The statements of net assets available for benefits include investments in
mutual funds, money market funds, and equity securities valued at quoted
market prices on the last business day of the plan year. The Fidelity
Managed Income Portfolio Fund is a collective investment trust and is
recorded in the financial statements based on the contract value of the
underlying investment contracts, which approximates fair value, as
reported to the Plan by Fidelity. Contract value represents contributions
made under the contract, plus earnings, less withdrawals. Participants
notes receivable are valued at cost plus accrued interest which
approximates fair value.
2. DESCRIPTION OF PLAN
Substantially all employees of Cardinal Health, Inc. and certain of its
subsidiaries (collectively referred to as the employer, Plan sponsor or
Company) not covered by a collective bargaining agreement and who have
completed 1,000 or more hours of credited service are eligible to
participate in the Cardinal Health, Inc. Profit Sharing and Retirement
Savings Plan (the "Plan"). The Plan was adopted on March 25, 1987, and
replaced a variety of non-collectively bargained retirement plans the
Company previously maintained at the subsidiary level. Contributions
transferred from or receivable from previous qualified plans are comprised
of transfer contributions of new employees from other previously unrelated
qualified plans. The Plan's expenses are paid by the Plan, as provided by
the Plan document.
The Plan allows employees to authorize payroll deductions up to the lesser
of 15% of their credited compensation or the maximum allowed under the IRS
guidelines. In addition, Company Matching Contributions are 75% of the
Participant Elected Contributions up to 3% of credited compensation. The
Company also makes profit sharing contributions ("Profit Sharing
Contributions") to the Plan on behalf of each eligible employee who
completes at least 1,000 hours of service and was an eligible employee on
the last day of the plan year. The Company's Profit Sharing Contributions
each plan year consist of: (a) automatic contributions equal to 3% of
total credited compensation for all eligible participants; and (b)

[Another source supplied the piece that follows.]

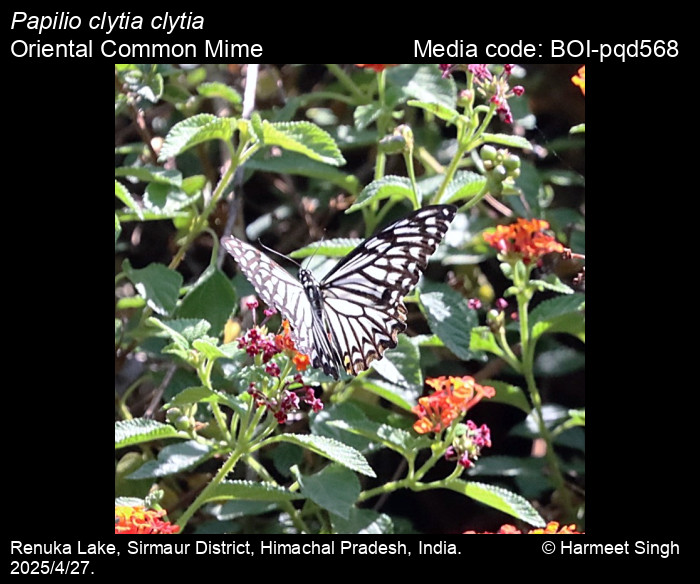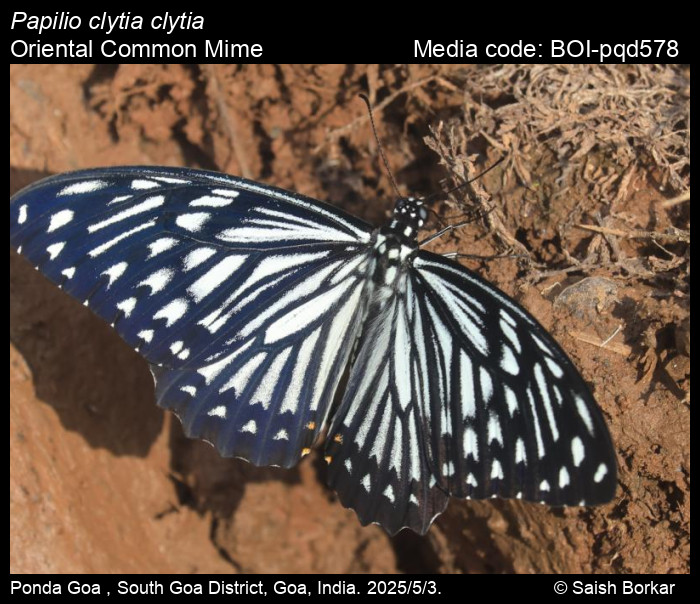 Saji, K., R. Lovalekar, G. Agavekar, S. Debnath 2025. Papilio clytia Linnaeus, 1758 – Common Mime. In Kunte, K., S. Sondhi, and P. Roy (Chief Editors). Butterflies of India, v. 4.12. Published by the Indian Foundation for Butterflies. URL: https://www.ifoundbutterflies.org/papilio-clytia, accessed 2025/10/06.

additional contributions, if any, determined at the sole discretion of the
Company, which are
- 7 -
<PAGE> 9
allocated to participants based first upon their credited compensation in
excess of the Social Security taxable wage base (up to 6.06% of such
excess) and next, pro rata, based upon total credited compensation. The
investment of such contributions is generally directed by the employee
into one or more of the following investment options: a money market fund,
a stable value fund, one of nine mutual funds or the Company's common
stock fund established under the Plan.
All participants in the Plan who were employed by the Company on its
commencement date are fully vested in all plan benefits which accrue to
their account. Participants hired after the Plan commencement date who did
not terminate employment prior to April 1, 1989 have a nonforfeitable
right to accrued benefits pertaining to Participant Elected Contributions
and transfer contributions at all times, and a nonforfeitable right to
accrued benefits from Company Matching Contributions and Profit Sharing
Contributions in the event of retirement or other termination of
employment: (a) on or after the participant's 65th birthday; (b) on
account of permanent disability; (c) by reason of death; or (d) after
completion of 5 years of service. Any such individuals whose employment
terminates under other circumstances will have a nonforfeitable right to a
portion of the accrued benefits from Company matching contributions and
profit sharing contributions determined under a 5-year schedule based on
years of service. Participants hired after the Plan commencement date who
terminated employment prior to April 1, 1989 and newly hired participants
after December 31, 1996, whose employment terminates under circumstances
other than retirement will have a nonforfeitable right to a portion of the
accrued benefits from Company Matching Contributions and Profit Sharing
Contributions determined under a 7-year schedule, based on years of
service. All other unvested accrued benefits will be forfeited and used to
reduce Company contributions. All administrative expenses are paid by the
Plan, excluding loan fees which are paid by the borrowing participant.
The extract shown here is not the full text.